In carrying out the process of photosynthesis, plants must go through two stages. The plant must go through the light reaction as well as the dark reaction. When in the light reaction, chlorophyll captures light and converts it into energy compounds that will later be used in the dark reactions. This dark reaction is known as the Calvin cycle.
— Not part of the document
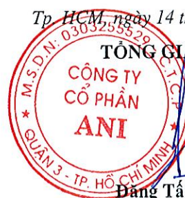
Đặng Tất Thành

In the following, we will invite you to learn more about the Calvin cycle including understanding, stages, the process of the Calvin cycle, and so on.
What is the Calvin Cycle?
The Calvin cycle is a series of chemical reactions that occur in plants without the need for light. However, this cycle does not mean the process occurs in the dark. The term dark reaction is the term used when the reaction does not use energy from light. Of course, this is very different from the dark reaction, the process of which requires the help of light energy.
The place where the Calvin cycle occurs is in the stroma, which is located inside the chloroplast. The Calvin cycle of photosynthesis works by converting CO2 into a three-carbon sugar. When the process of making three-carbon sugar, the cycle requires NADPH2 and requires a lot of energy in the form of ATP to be able to add electrons when you want to reduce power. Then, the sugar will be converted into nucleotides, amino acids, and starch (a more complete/complex sugar).
Calvin Cycle Functions
Simply put, the Calvin cycle works to make carbon sugars. Then the carbon sugar will be used to form other sugars such as starch, glucose, and cellulose which will then be used by plants for structural building materials.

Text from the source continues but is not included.